Panti Asuhan di mana aku sering kesana bukanlah panti asuhan sebagaimana yang dikesankan di cerita-cerita, mereka semua masih punya orangtua meski tidak lengkap, pagi mereka sekolah biasa, selebihnya mereka dididik dengan pendidikan agama. Ada ustadz pengasuhnya.
Sedang yang bertanya padaku pun sudah lulus SMA yang sedianya mau melanjutkan kuliah atas biaya panti. Jadi bukannya aku kejam tho dicurhati kok tidak dibales, wajar bukan ketika aku berharap dia bersikap dewasa?.

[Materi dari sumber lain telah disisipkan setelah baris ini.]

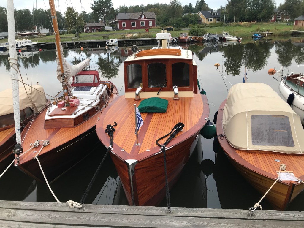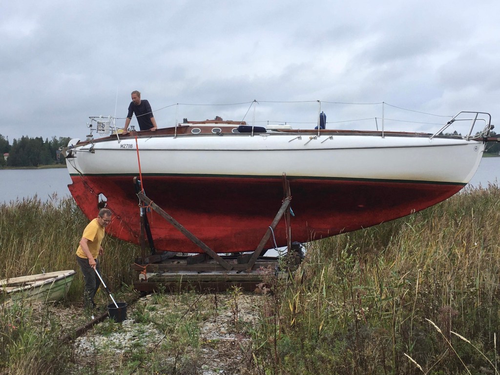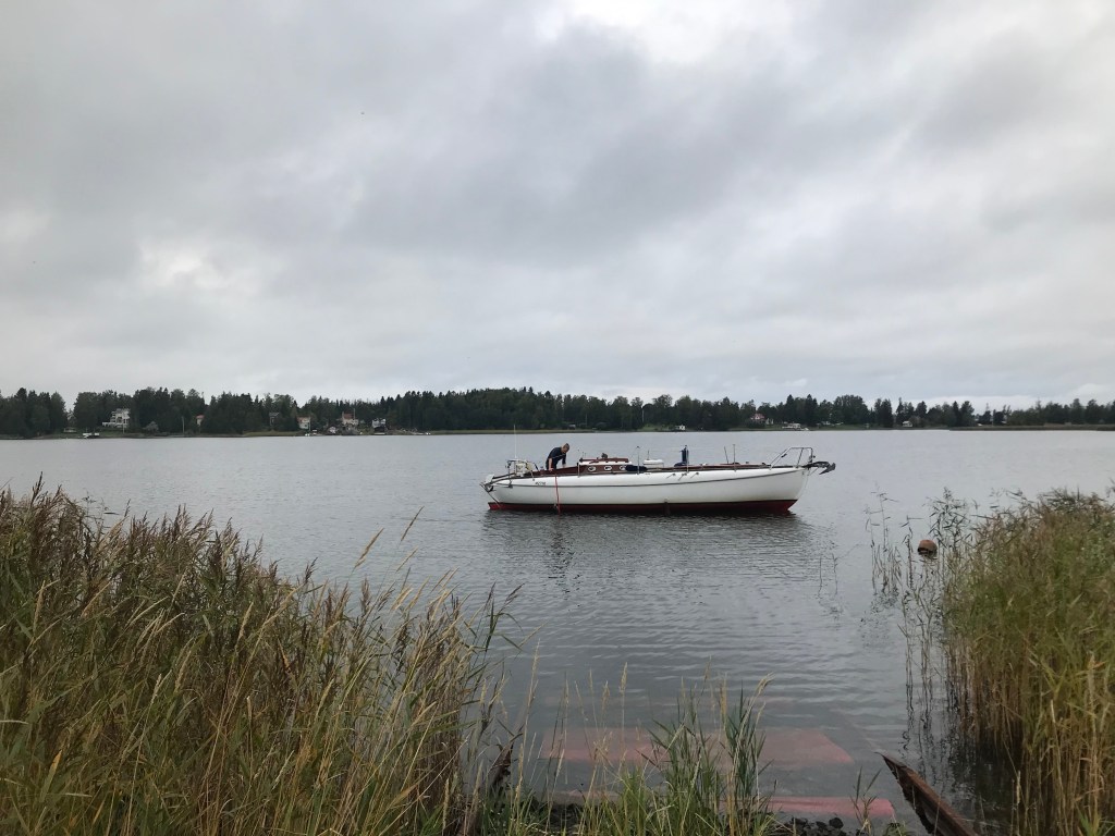 Med rutin från förra hösten får vi ganska behändigt in båten i skjulet. Tuomas ror Fredrik iland medan jag småpysslar ombord. Kör glykol genom systemet t.ex. Boris och Fredrik tycker inte att jag behöver byta olja varje år. Tuomas tycker att motorn uppför sig konstigt. Jag vet inte…
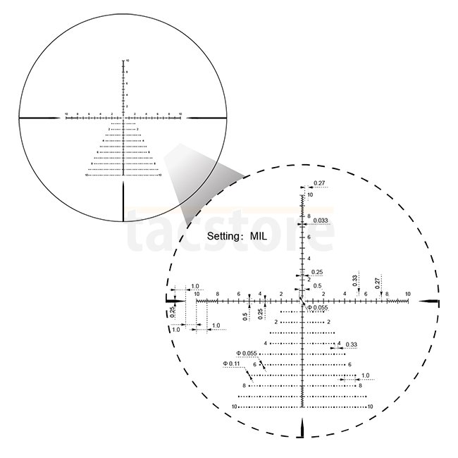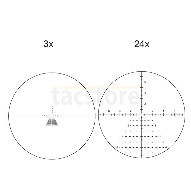 Dieses hochpräzise Zielfernrohr wurde für Long-Range und Wettbewerbsschießen entwickelt. Es bietet einen Vergrösserungsbereich von 3- bis 24-fach mit einem 56 mm Objektiv für maximale Lichtaufnahme. Der 34 mm Monorohrkörper ermöglicht grosszügige Verstellbereiche (Höhe bis ca. 30 MIL, Seite bis ca. 20 MIL) bei einem Klickwert von 1/10 MIL und verfügt über Zero-Stop-Türme. Ausgestattet mit extra-niedriger Dispersion (ED) Glas, vollmehrfach vergüteten Linsen, Seitenfokus ab etwa 10 m, wasserdicht nach IP67 und stoßfest bis 1000 G.

Meski mereka anak panti asuhan, meski mereka selama ini " hidup" dari santunan, aku berharap mereka mempunyai kemandirian sikap, bisa menentukan sikap untuk kebaikan mereka sendiri, dan bukannya menjadi lemah jiwanya. Kemandiran sikap dibangun dengan mengenali apa yang jadi persoalannya, baru bisa memutuskan jalan keluar dari persoalan tersebut.
Seseorang memang cenderung bersimpati ketika mendengar kesusahan orang lain tetapi akan menjadi tidak baik ketika menjadikan sesorang berpikir orang lain harus menolongnya ketika dia merasa susah. Apalagi jika bantuan itupun harus sesuai keinginannya.